> TASK PROMPT: In the answer, each line from the top of the material through the line that contains "Далее раскатать тесто" is restated exactly. No picture is given again.

> THE RECORDS:

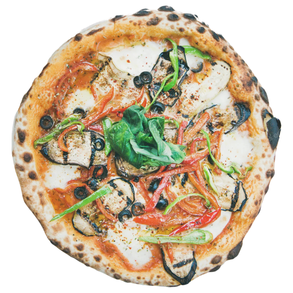 Sauce tomate, fromage, aubergines copeaux de parmesan, huile d'olive, basilic
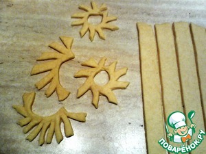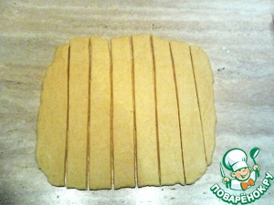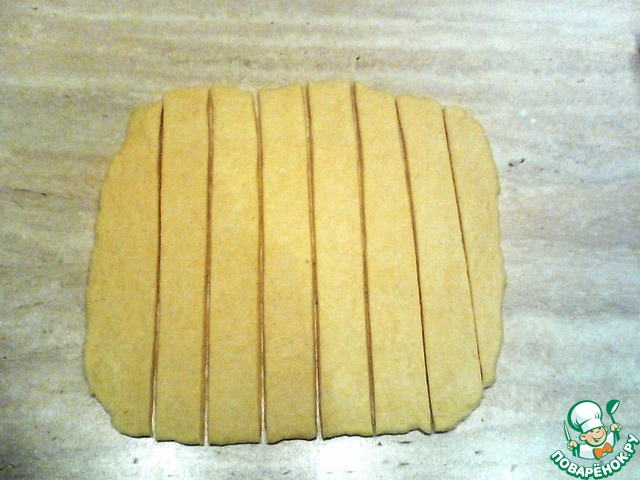 Далее раскатать тесто в пласт толщиной в 0.5 см или чуть тоньше. Нарезать на полоски шириной около 2-3 см.
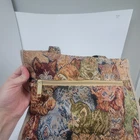 Adorable tapestry-style cats tote bag featuring a vibrant and detailed woven design with various kittens in different colors. The bag measures approximately 12” wide x 11” high, with double shoulder straps measuring 13” each. Depth of bag: approx. 5”. It has a secure hook & loop main closure, one large interior compartment, a small inside pocket with zipper, and a front slip pocket with magnetic snap. Pre-owned in good condition — no holes or major stains. Perfect for cat lovers, quirky vintage fashion, or everyday casual use. Some colors may vary in person versus the photo. Cameras do not always pick up the colors exactly and the settings on the device you are viewing this item with may present the color a bit differently. Please check out my other listings :) Shipping via USPS same or next business day Thank you for stopping by.
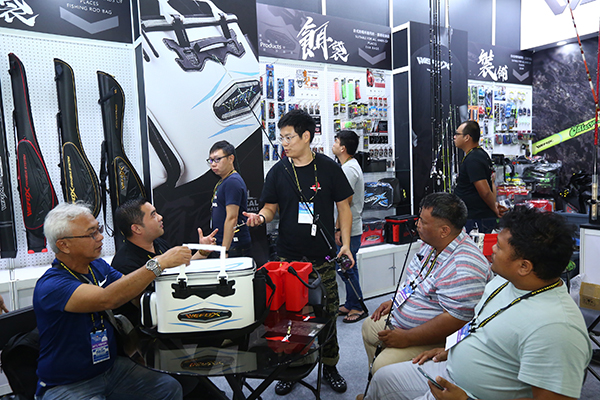 圖:國外買家們熱絡詢問釣具區廠商產品資訊(資料照片)。
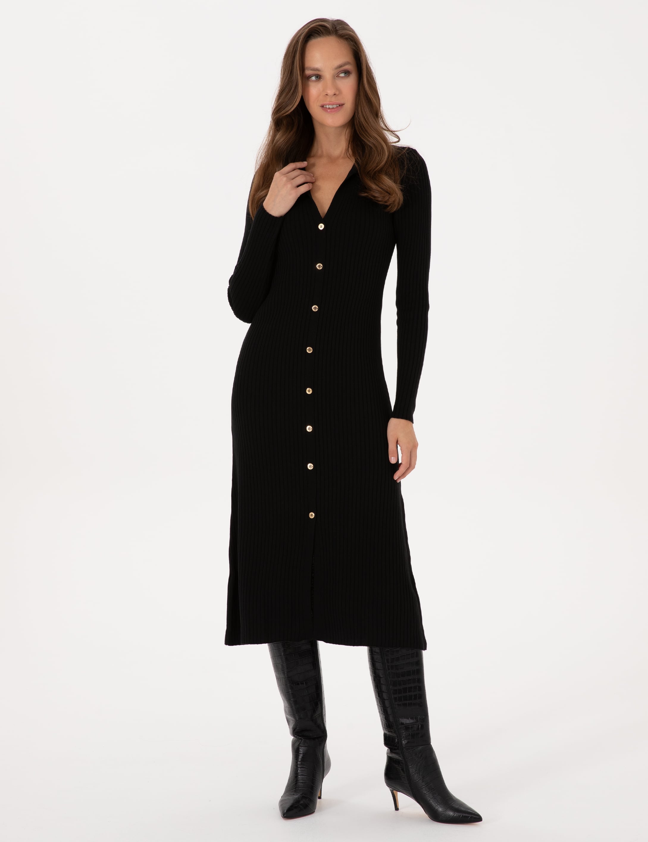 Siyah A Kesim Triko Elbise

> ANSWER SPACE:
 Sauce tomate, fromage, aubergines copeaux de parmesan, huile d'olive, basilic
 Далее раскатать тесто в пласт толщиной в 0.5 см или чуть тоньше. Нарезать на полоски шириной около 2-3 см.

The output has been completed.